Diana Butler Bass writes at Progressive Revival about yesterday’s shooting at the Holocaust museum, and how we understand the context of the shooter’s action:
Yesterday, all of the news commentators agreed that James W. Von Brunn’s action was morally wrong. And, whenever a criminal breaks violates the communal moral conscience, everybody asks, “Why?” What was the source of his evil? Where did he go wrong? What triggered this episode?
As pundits discuss these questions on the airwaves, their answers will fall into two predictable camps. Conservatives will emphasize that Von Brunn was a “lone wolf,” a deeply troubled man, who, acted on a bad belief (hatred of Jews) and made a bad choice (to pick up a gun and shoot people). Liberals will analyze anti-Semitism, placing Von Brunn’s actions within a larger framework of structural sin involving racism. Some may also comment on institutional sins—gun control laws, the current economic crisis, and the “climate” created by talk radio for example—as sources of Von Brunn’s actions.

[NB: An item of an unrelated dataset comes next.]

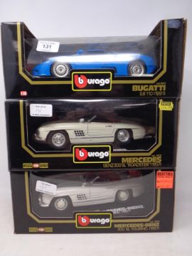 Two Burago Diamonds 1:18 die cast cars - Mercedes Benz SL 300 Roadster 1957, Mercedes Benz SL Touring and a Burago 1:18 model - Bugatti EB110 1991, all boxed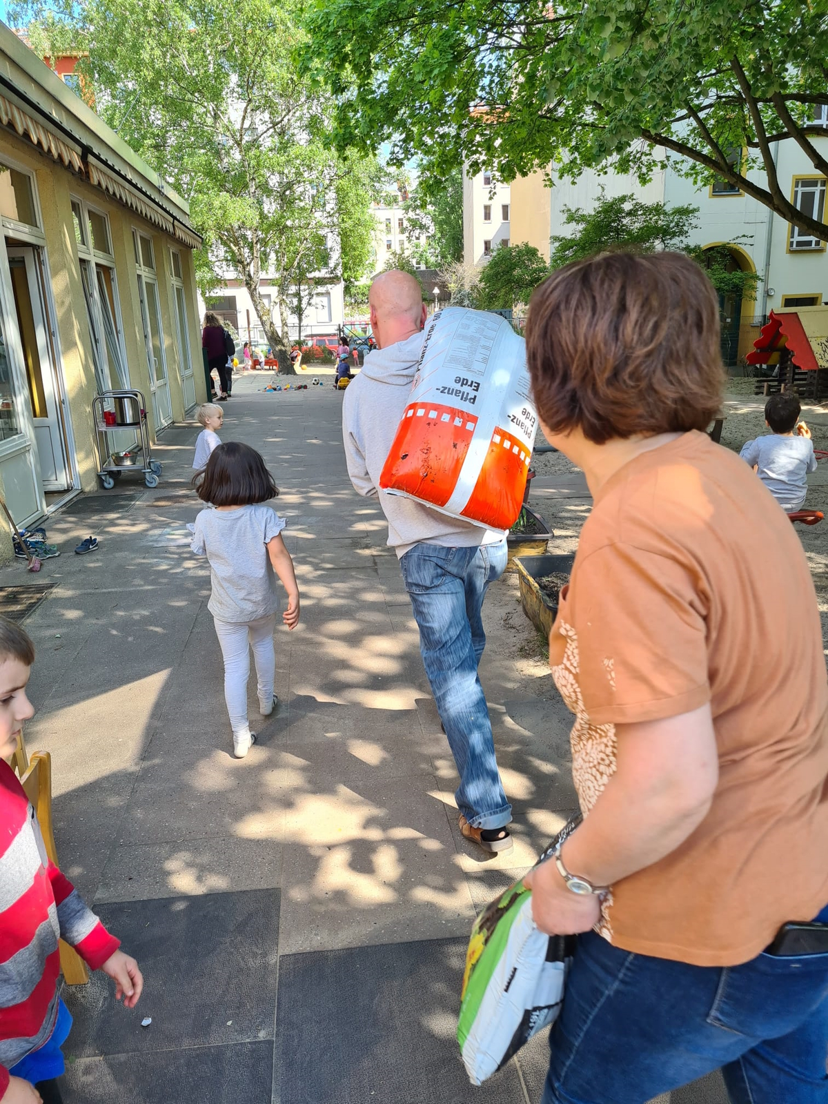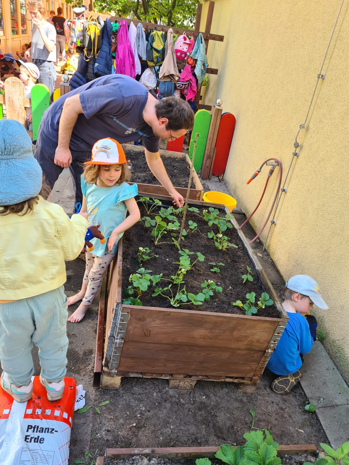 Eltern brachten Pflanzerde und Blumen und Pflanzen mit. Es wurden Hochbeete bepflanzt, es wurde gefegt und geputzt.

This is, of course, an old argument. For almost a century, conservatives and liberals have been arguing the same point about sin. Conservative theologians believed that sin is a personal matter, a choice made to break a moral code, usually based in some flawed belief system; liberal theologians believed that sin resulted from structural evils, whereby people act out of subservience to some form of institutionalized sin. Hence, conservative sought to reform individuals while liberals sought to reform systems. What made someone sin? The soul or structure? The individual or institution? And this theological division made its way into political life—and it has shaped the way we argue about moral events in our public discourse.
[…]To say that Von Brunn was a lone gunman in a lone incident misses the point. However, to say that D.C. has weak control laws (which were recently weakened by the NRA) also misses the point. Von Brunn lived—as all of us do—in a complex, connected web of unredeemed powers that act as a cancer in the world.